Maybe, Dance wondered, the Secrets Club and queen bitch Bethany were forcing her daughter to throw a pie at the teacher or a water balloon. Even worse? She thought of Stephen King’s
Carrie
, drenching the girl in blood onstage.

‘Honey?’ Dance said softly.

Maggie looked at her, then away and gasped, ‘It’s terrible.’

She burst into racking tears.

CHAPTER
72
 

Kathryn Dance sat next to Jon Boling and her son in the third row, her parents nearby, watching the procession of performers in
Mrs Bendix’s Sixth Grade Class’s Got Talent!
.

‘How you doing there?’ Dance whispered to Boling. It was astonishing how many forgotten lines, missed dance steps and off-tone notes could be crammed into one hour.

‘Better than any reality show on TV,’ Boling responded.

True, Dance conceded. He’d managed, yet again, to bring a new perspective.

There’d been several scenes from plays, featuring three or four students together (the class numbered thirty-six), which cut the show’s running time down considerably. And solo performances were hardly full-length Rachmaninoff piano concerti. They tended to be Suzuki pieces or abbreviated Katy Perry hits.

‘The Cup Song’ had been performed six times.

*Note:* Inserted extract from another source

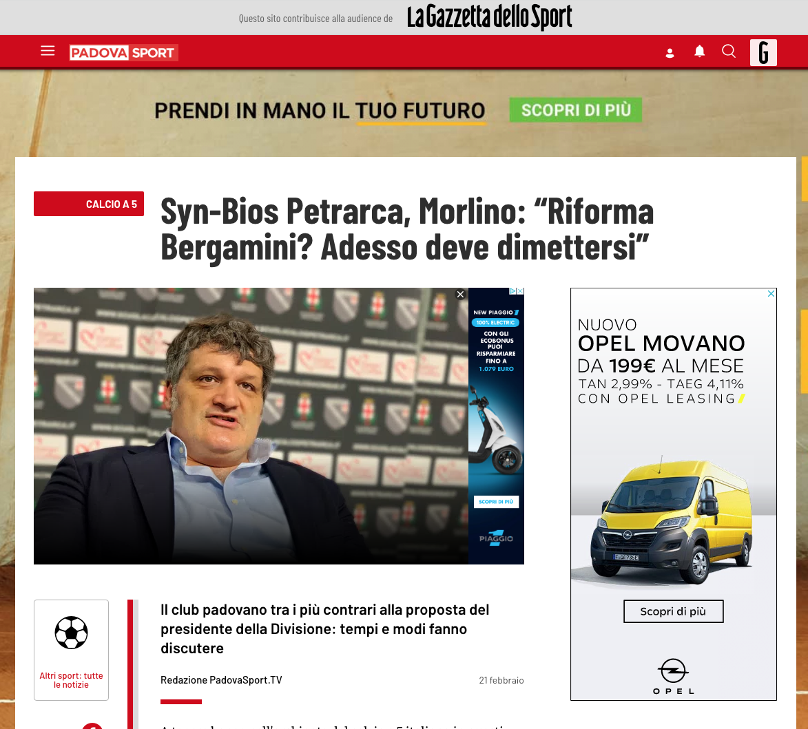 Come si ricorderà, nei giorni scorsi Morlino aveva avanzato una richiesta ufficiale per accedere agli atti votati dal Consiglio Direttivo, deciso a intraprendere l’iter, anche legale, per bloccare questo processo che minerebbe pericolosamente la competitività del massimo campionato impoverendo di conseguenza non solo la Serie A ma anche le altre categorie nazionali. Morlino, per dirla tutta, starebbe montando la sua personale battaglia nei confronti della Divisione Calcio a 5: è quello che si interpreta dalle note stampa comparse nella giornata odierna sulle principali testate padovane, cartacee e web, in cui il patron petrarchino, a caratteri cubitali, “invita” il presidente Bergamini a dimettersi.

It was close to eight thirty before Maggie’s turn came. Mrs Bendix announced her and, in her shimmering dress, she walked confidently from the wings.

Dance took a deep breath. She found her hand gripping Boling’s, the bandaged one. Hard. He adjusted it.

‘Sorry,’ she whispered.

He kissed her hair.

At the microphone, she looked over the audience. ‘I’m Maggie and I’m going to sing “Let It Go” from
Frozen
, which is a super movie, in my opinion better than
The
Lego Movie
and most of the Barbie ones. And if anybody here hasn’t seen it I think you should. Like, right away. I mean, right away.’

A glance at Mom, acknowledging the slip of lazy preposition.

Dance smiled and nodded.

Then Maggie grew quiet and lowered her head. She remembered: ‘Oh, and I want to thank Mrs Gallard for accompanying me.’

She nodded to her music teacher.

The piano began, the haunting minor-key intro to the beautiful song. Then the piano went quiet, a pause … and right on the beat, Maggie filled the silence with the first words of the lyrics. She sang slow and soft at first, just as in the movie, then growing in volume, her timbre firm, singing from her chest. Dance snuck a peek. Most of the audience was captivated, heads bobbing in time to the tune. And nearly every child was mouthing, if not singing, along.

When it came to the bridge, bordering on operatic recitative, Maggie nailed it perfectly. Then back to the final verse and the brilliant offhand dismissal about the cold never bothering her anyway.